Barclays Chief Gives Up US$4.3 Million Bonus

Photograph: Justin Thomas/AFP/Getty Images
Photograph: Justin Thomas/AFP/Getty Images

Barclays Chief Gives Up US$4.3 Million Bonus

What? The CEO of a  major bank CEO forgoing his multi-million dollar bonus? It’s unheard of…
Plagued by legal issues, the Libor scandal and more, Barclays’ current CEO Antony P.  Jenkins is giving up his 2012 bonus.  He says it would  be ‘wrong’ for him to accept it.
This could be a broader PR strategy aimed at restoring the bank’s reputation (with a bigger bonus for the CEO built into his 2013 package?) or it could be a step towards a banking system that works for everyone. I trust it is the latter.
Amid Bank’s Legal Problems, Barclays Chief Gives Up Bonus
By Mark Scott and Julia Werdigier, DealBook, The New York Times – February 1, 2013
Antony P. Jenkins, the new chief executive of Barclays, said on Friday that he would forgo his bonus as the British bank struggled to rebuild its reputation after recent missteps.

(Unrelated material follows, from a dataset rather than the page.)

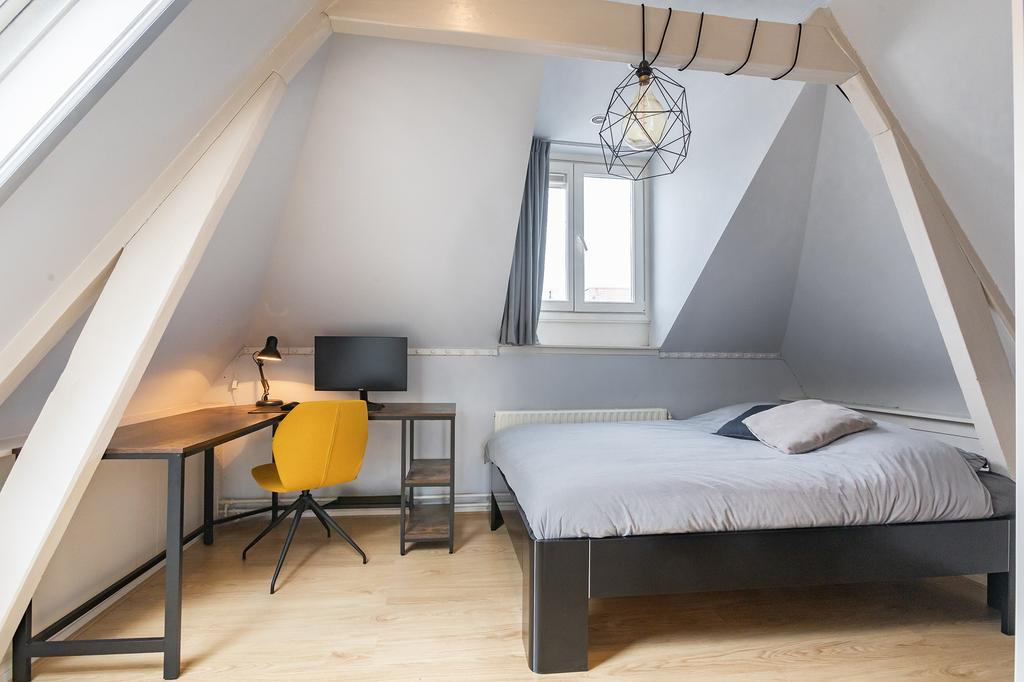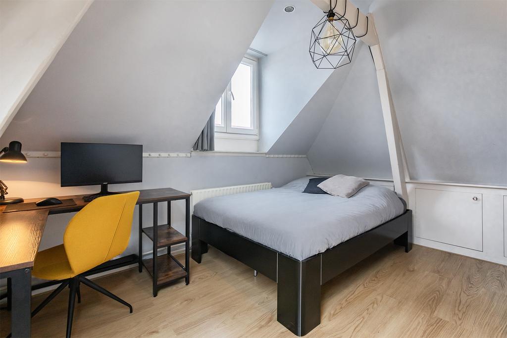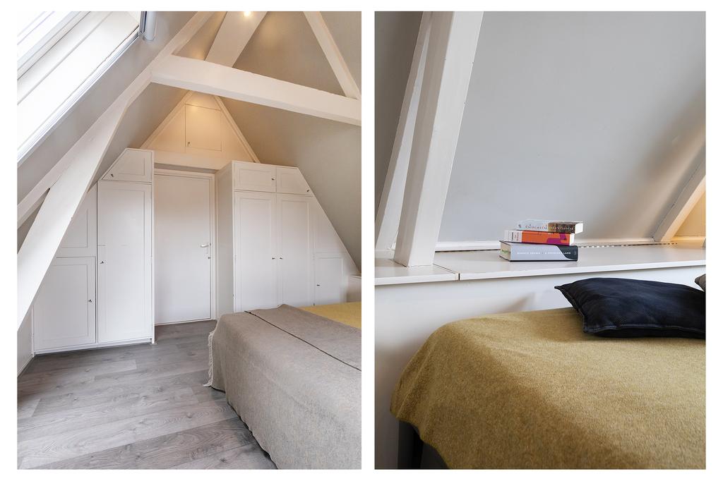 De bovenverdieping biedt twee charmante slaapkamers. De master bedroom aan de achterzijde beschikt over inbouwkasten en een knus balkon waar je kunt genieten van de middagzon. De tweede slaapkamer aan de voorzijde is perfect als kinderkamer, studeerkamer of in te richten als walk-in closet.

British regulators are investigating new accusations that Barclays failed to properly disclose to shareholders a loan to a group of Qatari investors that gave the British bank a cash infusion during the financial crisis, according to a person with direct knowledge of the matter.
Last year, the bank disclosed that British and American authorities were investigating the legality of the payments related to the $7.1 billion cash injection to Qatar Holding, the sovereign wealth fund.
Mr. Jenkins is dealing with a series of legal headaches.
In June, Barclays agreed to pay a $450 million settlement with United States and British regulators over rate manipulation. The scandal forced a number of the bank’s top executives to resign, including the chief executive at the time, Robert E. Diamond Jr.
The British firm has also set aside $3.2 billion to cover legal costs related to the inappropriate selling of insurance to consumers. British authorities recently told the bank that it must review the sale of certain interest rate hedging products after 90 percent of a sample of the complex instruments were found to have been sold improperly. Analysts say the investigation may lead to millions of dollars of new legal costs.
With the controversy surrounding the bank, Mr. Jenkins said he did not want to be considered for a bonus that could have totaled up to $4.3 million, adding that many of the problems engulfing the bank were of its own making. The Barclays chief’s annual salary is $1.7 million.
“I think it only right that I bear an appropriate degree of accountability for those matters,” Mr. Jenkins said in a statement.
“It would be wrong for me to receive a bonus for 2012.”
A spokesman for Barclays declined to comment about the investigation into potential wrongdoing connected to the loan to Qatari investors.
By giving up his bonus, Mr. Jenkins contrasts with his predecessor. Mr. Diamond was in line for a $4.3 million bonus for 2011 despite criticism about the bank’s performance. Faced with mounting opposition, Mr. Diamond and Chris Lucas, the bank’s finance director, eventually agreed to forgo half of the deferred stock payout if the British bank failed to reach a number of its financial targets.
Barclays, which will disclose details of a major overhaul of its operations when it reports earnings on Feb. 12, is expected to cut up to 2,000 jobs in its investment bank in an effort to reduce its exposure to risky trading activity, according to two people with direct knowledge of the matter.
Mr. Jenkins, who previously ran Barclays’ consumer banking business, told employees in January that they should leave the bank if they were not willing to help rebuild the firm’s reputation.
“My message to those people is simple,” Mr. Jenkins wrote in an internal note obtained by The New York Times.“Barclays is not the place for you. The rules have changed.”